Review: Umbria Jazz Festival




Despite arriving five days into the event Bob Weir still found plenty to entice in Perugia, including Vijay Iyer, the Mingus Big Band and Gregory Porter

Arriving five days into the Umbria Jazz Festival, in Perugia, I missed Paolo Fresu, Roy Hargrove, Kurt Elling, the Quincy Jones 85th birthday celebration with a host of guests, and an assortment of Brazilians. No matter, there was plenty of enticing music to come.

Perugia needed careful consideration of what to see because there was much overlapping with two and sometimes three appealing events at the same time. Music was everywhere in this historic hilltop city; in the large arena, the National Art Gallery, the beautiful old theatre, two large open-air stages, in restaurants with lunch, dinner and late jam sessions and from buskers and parades on the streets. The midday sessions in the Art Gallery were a welcome innovation since I was last there four years ago. Piano recitals by Ethan Iverson (ex-The Bad Plus) and Danilo Rea were relaxed and intimate. The accordion duo of the Francesco's Ponticelli and Diodati was more excitable and eccentric and great fun.

The Teatro Morlacchi was the place for the festival's best jazz groups. I greatly enjoyed the Billy Hart Quartet with Joshua Redman, Igor Butman & Moscow Jazz Orchestra featuring a future star in pianist and singer Oleg Akkuratov, a classy US-Italian quartet jointly led by Fabrizio Bosso (t) and Giovanni Guidi (p) and the Vijay Iyer Sextet (even better - more relaxed and expansive - than when I saw them a few days earlier in Warsaw) (Iyer pictured above by Tim Dickeson). Best of all were the freewheeling Mingus Big Band's brilliant interpretations of the late bassist's famous compositions. Fables Of Faubus with a thrilling extended alto sax solo by Alex Terrier (pictured left at the mic by Tim Dickeson) was possibly the outstanding performance of the festival.
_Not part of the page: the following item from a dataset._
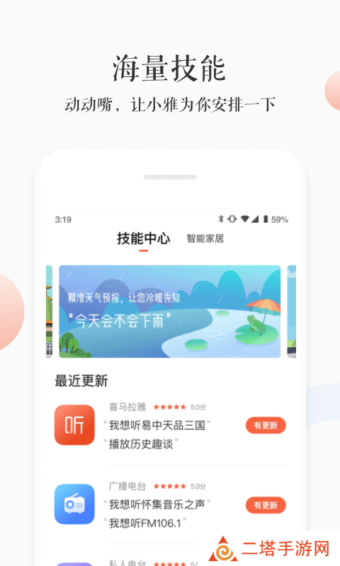 喜马拉雅出品的小雅AI音箱、小雅Nano音箱,是集智能语音交互、全量喜马拉雅内容和天气、闹钟、情感聊天等海量技能于一体的无屏智能音箱。

The two town stages presented a great variety of music every afternoon and evening. There were local student groups, American college bands and several appearances by Rockin' Dopsie and a talented young Sicilian trio, Snips, fronted by a future star of jazz and blues guitar, Matteo Mancuso. The Funk Off marching band paraded the main thoroughfare each day to considerable popular acclaim. Clarinettist Anat Cohen entertained often for dinner and supper jazz in an always crowded restaurant. Late jam sessions by a good Italian group and guests were similarly packed every night. La Feltrinelli bookshop had launches for a fine book on jazz in Puglia by Italian journalist Ugo Sbisa and the story behind the new Impulse CD, Both Directions At Once, by John Coltrane expert, discographer and collector Yasuhiro "Fuji" Fujioka, who played an important part in the discovery and release of the "lost" tape. 

I avoided the main arena for several pop, rock and quasi-soul performers but there were two double bills of genuine jazz appeal. The bands of Kyle Eastwood and Pat Metheny were paired for an enjoyable concert. Both bands included Brits (notably the pianists Andrew McCormack with Kyle and Gwilym Simcock with Pat) and the leaders seemed inspired by their younger colleagues.

The festival ended in style with two of the biggest jazz vocal stars. Melody Gardot was accompanied by a string quartet and rhythm section for a rather low-key performance of originals in French chanson style. This contrasted agreeably with the 100-piece orchestra (directed by Vince Mendoza, pictured right) that supported Gregory Porter singing his Nat King Cole favourites. A rousing and altogether joyous conclusion to what is still one of the world's best jazz festivals.